Recursively delete all files except a certain number in each directory

Question

I have a large collection of files contained in directories for testing. I need to keep the directory structure for my application but want to thin out the files for faster testing. I want to limit the number of files a directory can have to 3. How can I do that in linux?

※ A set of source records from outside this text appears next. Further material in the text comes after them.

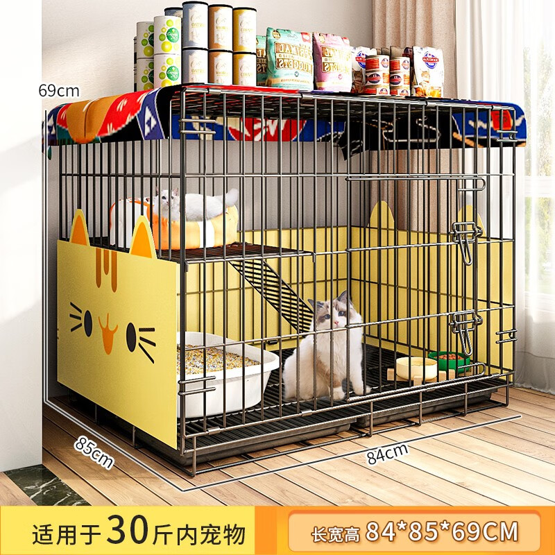 蔻丝折叠免安装加粗猫笼子家用大号带厕所一体防外溅砂室内省空间猫笼 超大双层【85*60*70】活动不拘束 至尊款【猫砂盆带铲 瞄舍款】
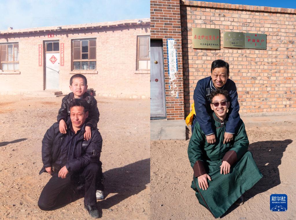 拼版照片:左圖為2006年牧民朝勒門格爾勒和7歲的兒子溫都蘇在家門口合影;右圖為2023年11月17日,24歲的溫都蘇(下)和父親合影留念。
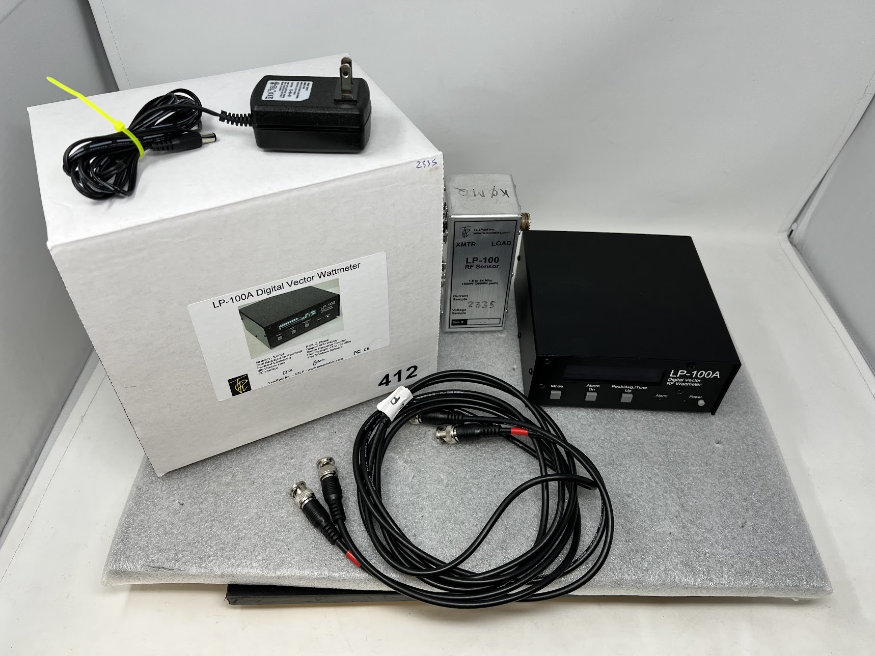 Includes: LP-100A Wattmeter, Original Box, LP-100 RF Sensor, Cables, Power Supply Cable.

To clarify what I would like to accomplish, a solution in Python:

import sys, os
for root, dirs, files in os.walk(sys.argv[1]):
    for index, file in enumerate(files):
        if index > int(sys.argv[2]) - 1: os.remove(os.path.join(root, file))

Usage:

python thinout.py /path/to/thin\ out/ <maximum_number_of_files_per_directory>

Example:

python thinout.py testing\ data 3

I found a smiliar question about doing this for one directory, but not recursively.

Answer 1

This quite lengthy sequence will work with files containing spaces etc., and just leave the first three alphabetically sorted files in each subdir.

EDIT: applied mklement's improvement to cope with directories that need escaping.

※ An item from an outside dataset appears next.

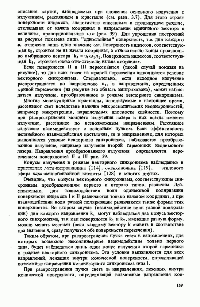 Имеются аналитические выражения [229, 230], по которым можно рассчитать углы векторного синхронизма в одноосных кристаллах, т.е. углы относительно оптической оси, под которыми надо пусгать лучи основного излучения, чтобы получить эффективное преобразование в режиме векторного синхронизма. Подобные выражения для двуосных кристаллов не получены. Возможно, однако, и численное решение уравнений (127, 128). Кроме того, их можно интерпретировать геометрически. Наглядная геометрическая интерпретация полезна для качественного описания картин, наблюдаемых при сложении основного излучения с излучением, рассеянным в кристалле (см. разд. 3.7). Для этого строят поверхности индексов, аналогичные описанным в предыдущем разделе, откладывая от начала координат в направлении единичного вектора и величины, пропорциональные Если поверхности II и III пересекаются (такой случай показан на рисунке), то для всех точек на кривой пересечения выполняется условие векторного синхронизма. Следовательно, если исходное излучение распространяется по направлению Многие молекулярные кристаллы, используемые в настоящее время, рассеивают свет вследствие наличия микроскопических неоднородностей, например микротрещин, параллельных плоскости спайности. Поэтому при распространении мощнйго излучения лазера в них всегда имеется излучение, рассеянное по всевозможным направлениям. Рассеянное излучение взаимодействует с основным пучком. Если эффективность нелинейного взаимодействия достаточна, то в направлениях, для которых выполняется условие векторного синхронизма, наблюдается преобразованное излучение, например излучение второй гармоники неодимового лазера. Направления преобразованного излучения определяются пересечением поверхностей II и III рис. 39. Конусы излучения в режиме векторного синхронизма наблюдались в кристаллах мета-нитроанилина [114], окскхинолина [119], этилового эфира пара-аминобензойной кислоты [128] и многих других. Очевидно, что конусы векторного синхронизма, соответствующие синхронным преобразованиям первого и второго типов, различны. Действительно, для взаимодействия волн одинаковой поляризации поверхности индексов I и II различаются только началом координат, а при взаимодействии волн разной поляризации различаются также формы этих поверхностей. Во втором случае (взаимодействие волн разной поляризации) для каждого направления Таким образом, при распространении пучка света в направлениях, для которых возможно неколлинеарное взаимодействие только первого типа, будет наблюдаться лишь один конус излучения второй гармоники в режиме векторного синхронизма. Эти условия выполняются для всех направлений, лежащих внутри конической поверхности, определяющей возможные направления коллинеарного синхронизма типа При распространении пучка света в. направлениях, лежащих внутри конической поверхности, определяющей возможные направления
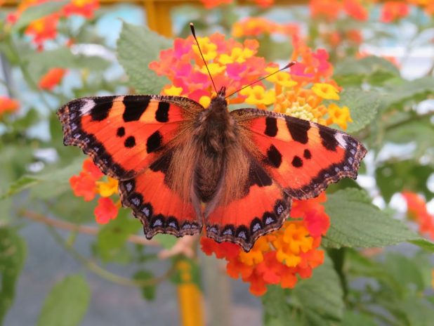 Petite tortue butinant un Lantana camara, dans le pavillon des papillons du Parc floral, 12e.

find /var/testfiles/ -type d -print0 | while IFS= read -r -d '' subdir; \
do cd "$subdir"; find . -mindepth 1 -maxdepth 1 -type f -print0 | \
sort --zero-terminated | tr '\0' '\n' | tail -n+4 | tr '\n' '\0' | \
xargs --null --no-run-if-empty rm ; cd "$OLDPWD" ; done

Since my version of tail doesn't support a --zero or --null flag for line terminators, I had to work around that with tr. Suggestions for improvements are welcome.

Answer 2

I would do something like this in bash:

for dir in `find . -type d`; pushd $dir; rm `ls | awk 'NR>3'`; popd; done;

Or this version might be better:

for dir in `find . -type d`; pushd $dir; rm `find . -maxdepth 1 -type f | tail -n +3`; popd; done;

Of course - just randomly deleting all but the first 3 files in the directory is always a little risky. Buyer beware...

By the way, I did not test this myself. Just typed in what came to mind. You'll likely have to tweak it a little to get it to work right. Again, buyer beware.